Columbia University's Michael D. Gershon, MD, revolutionized neuroscience in 1998. Only he did not study the brain. His focus? The stomach.
This new series will delve into your second brain, bridging nutrition with neuroscience. The amount and type food you eat everyday have immediate effects on your neurochemistry. Learn how to change your life and think with your stomach. Your nervous system has many divisions. First, it is subdivided into two major branches: central and peripheral. The central nervous system consists of the brain and spinal cord, and looks like a nut sprouting into a tree turned upside down. The peripheral nervous system is further categorized into somatic and autonomic. The autonomic nervous system is classically taught to operate in two ends of a spectrum: sympathetic and parasympathetic. However, there is a third autonomic system that often gets swept under the rug. The enteric nervous system.
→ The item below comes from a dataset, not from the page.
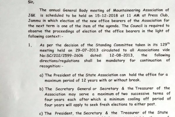 Election of the office bearers of mountaineering Association of J&K December 7, 2018 News & Activities

This digestive brain can function independently, only regulated at times from the spinal cord and brain. In patients with a severed vagus nerve, which regulates much of the vital lower body, digestion still progresses in a beautiful display of neuroplasticity. However, there is more to the eye than innervation. A lush forest of bacteria populate the lining of the large intestine. How important are these small creatures and what relevance does this have to the brain? Serotonin, previously regarded a neurotransmitter due to cerebral functionality, plays such a vital role in this society that an entire field of antidepressants (SSRIs) are prescribed daily due to effects on mood. 90% of it, as was discovered only a few years ago, is made in your gut. Further exploration discovered that half of dopamine, a neurotransmitter imperative in motivation and survival, is also a product of gut to microbe symbiosis.

The amount of food you eat will save you from starvation but the type of food you eat is a cure for depression.